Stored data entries
──────────────────────────────

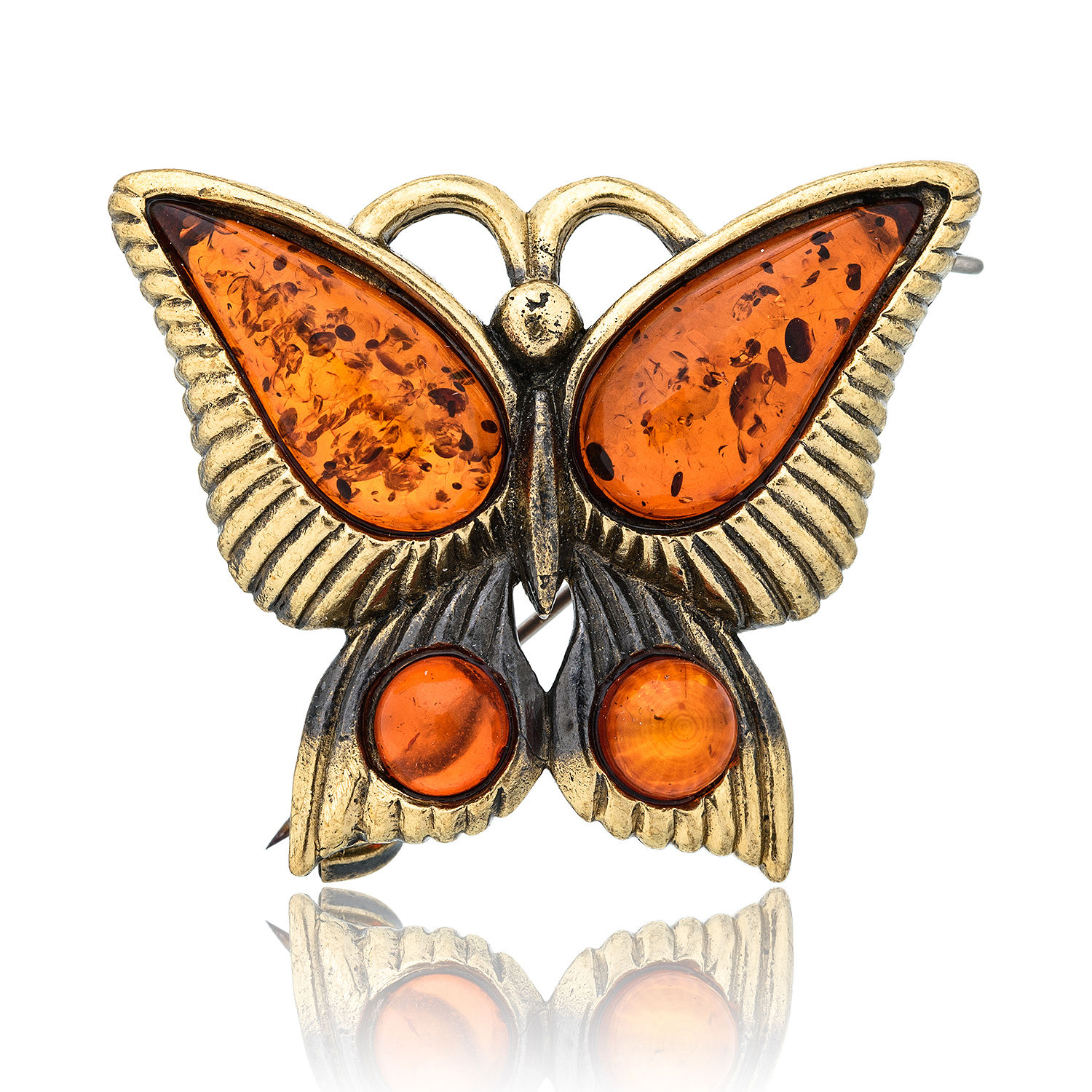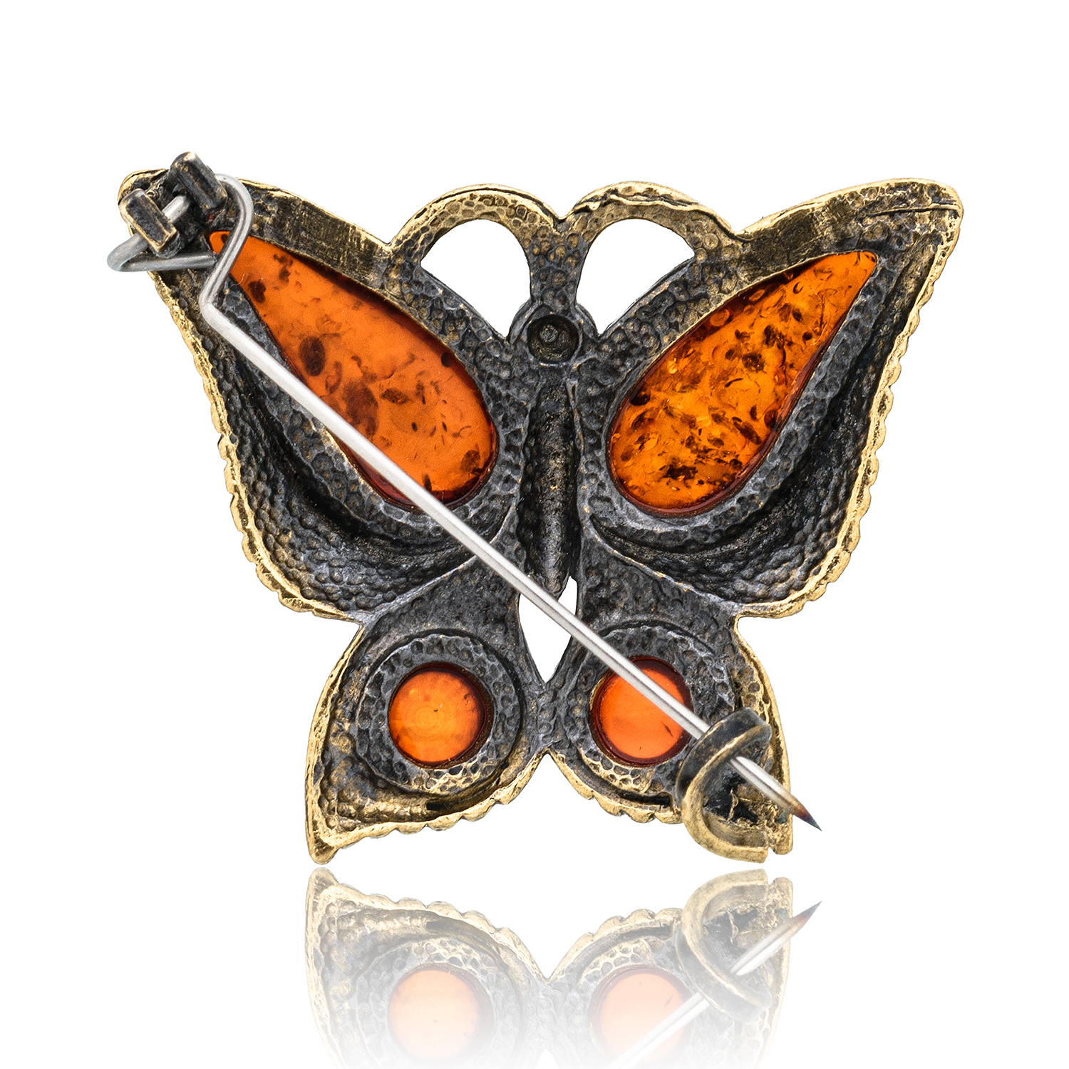 Брошь с янтарем "Бабочка Капустница".Материалы: латунь, янтарь.
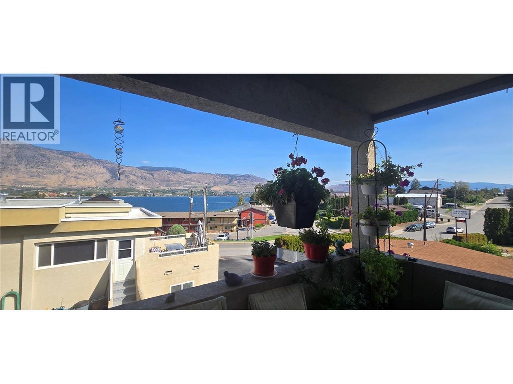This top-level townhome offers exceptional features including lake views, walking distance to the beach and downtown, and a covered deck overlooking the lake. The unit comprises two bedrooms plus a den, an open-concept floor plan ideal for hosting guests, and a patio with views of both the lake and a charming courtyard featuring a communal covered dining area and tranquil fountain. Amenities include a cosy gas fireplace, easy-care tile and laminate flooring, covered carport parking, and a storage locker. Conveniently located across from the beach and within short walking distance to all local amenities, this well-managed complex consists of only seven units. Enjoy the finest of Okanagan living: premier golfing, fine dining, water sports & award winning wineries. 55plus complex, pets welcome with restrictions. Measurements are approximate and should be independently verified if important (id:6289)
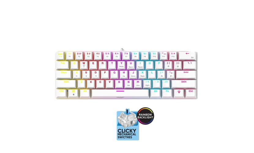 61 μηχανικά πλήκτρα με Blue Switches (Clicky – απτική & ηχητική αίσθηση)
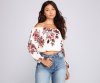 Get a forever stunning look this season in this gorgeous floral blouse. It features an off-the-shoulder neckline, long blouson sleeves, and an overall relaxed fit with a cropped cinched hem. Pair this top with a
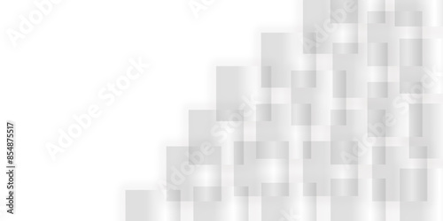 Fototapeta premium Abstract white and grey geometric overlapping square pattern background with...
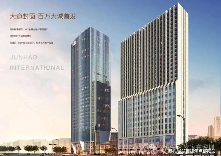 🏠 河东社区首发项目——河东骏濠国际,位于河东社区北区,总建面约16万㎡,汇聚商务公寓、办公、住宅、商业等于一体,多重复合业态共融,打造107国道封面都会综合体。
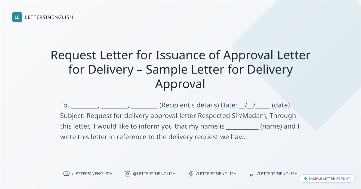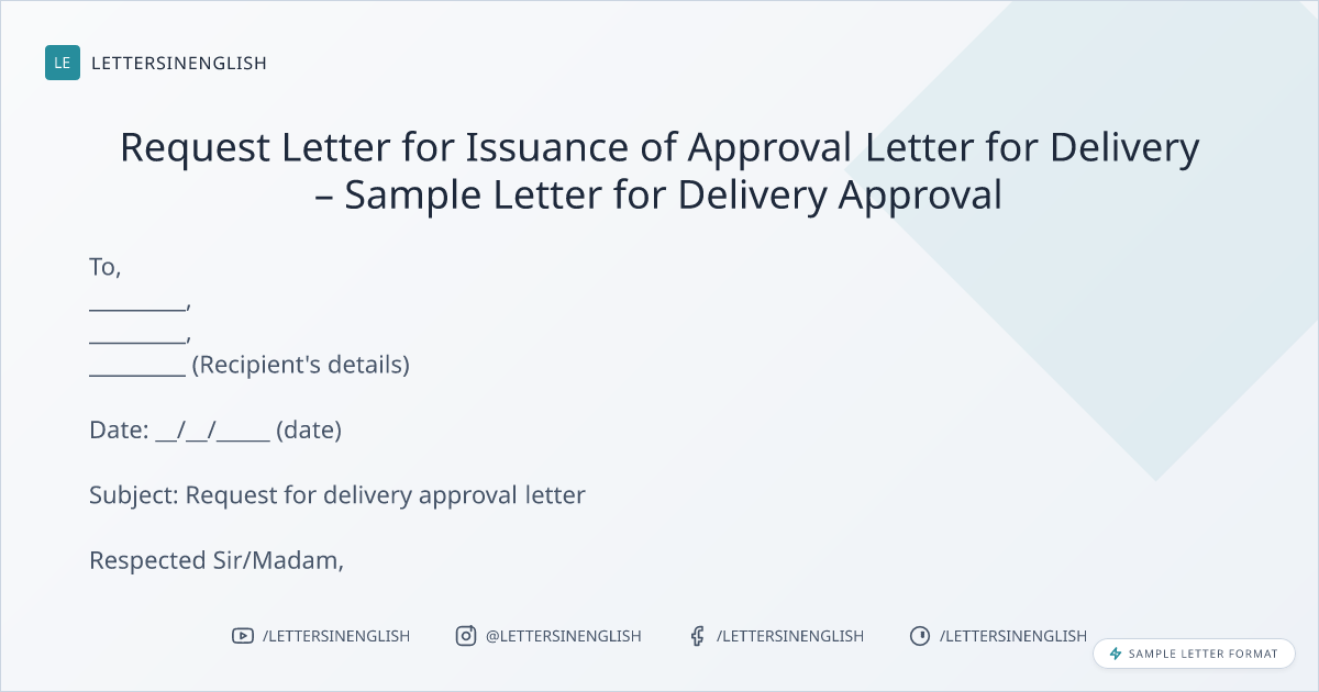 Request Letter for Issuance of Approval Letter for Delivery – Sample Letter for Delivery Approval
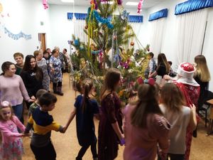 Ну и по доброй традиции, какой же новый год без хороводных песен? Все дружно становились в хоровод, пели и танцевали. Ну и после торжественной части все с нетерпением ждали новогоднюю беспроигрышную лотерею.
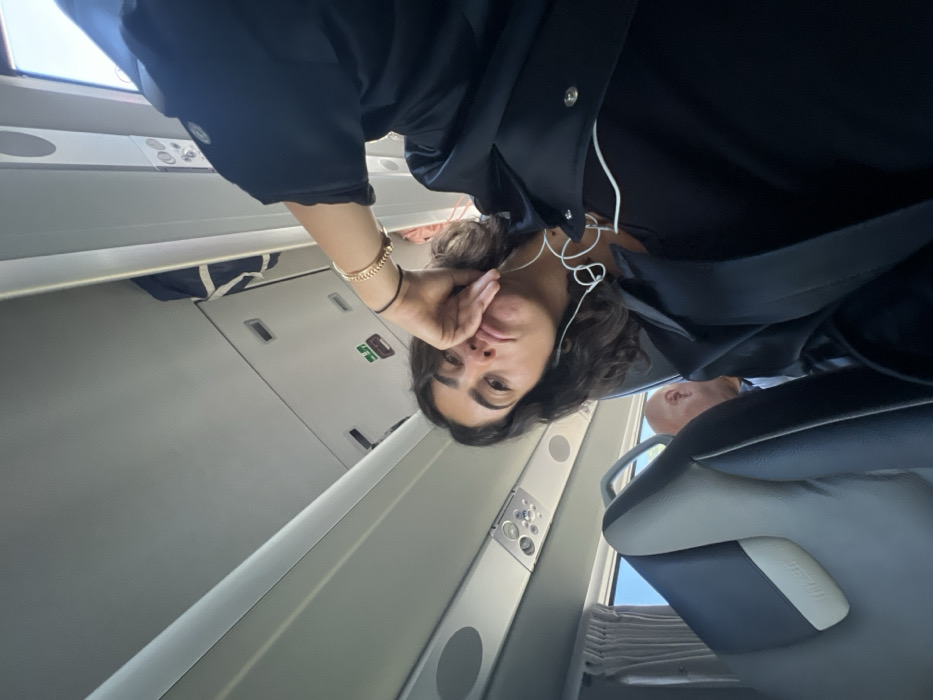 The image depicts the interior of a passenger transport vehicle, likely a bus or train, situated in the city of Pombal, Portugal. A young woman with dark, wavy hair is the primary subject, positioned at a low angle and looking directly at the camera. Her right hand rests against her cheek, and she wears a dark top, a dark jacket, a gold-beaded bracelet, and a thin black wristband. White wired headphones are draped around her neck. Behind her, partially visible to the left, is the bald head of another male passenger. The vehicle interior features upholstered seats in dark and light gray, light-colored overhead panels with air vents and reading lights, and a window on the left with drawn dark gray curtains, revealing bright daylight outside. An overhead storage compartment on the right contains a blue and white striped object.

──────────────────────────────

Every line from the line containing "Request Letter for" through the last line above is to be printed exactly. Pictures are not copied.

 Request Letter for Issuance of Approval Letter for Delivery – Sample Letter for Delivery Approval
 Ну и по доброй традиции, какой же новый год без хороводных песен? Все дружно становились в хоровод, пели и танцевали. Ну и после торжественной части все с нетерпением ждали новогоднюю беспроигрышную лотерею.
 The image depicts the interior of a passenger transport vehicle, likely a bus or train, situated in the city of Pombal, Portugal. A young woman with dark, wavy hair is the primary subject, positioned at a low angle and looking directly at the camera. Her right hand rests against her cheek, and she wears a dark top, a dark jacket, a gold-beaded bracelet, and a thin black wristband. White wired headphones are draped around her neck. Behind her, partially visible to the left, is the bald head of another male passenger. The vehicle interior features upholstered seats in dark and light gray, light-colored overhead panels with air vents and reading lights, and a window on the left with drawn dark gray curtains, revealing bright daylight outside. An overhead storage compartment on the right contains a blue and white striped object.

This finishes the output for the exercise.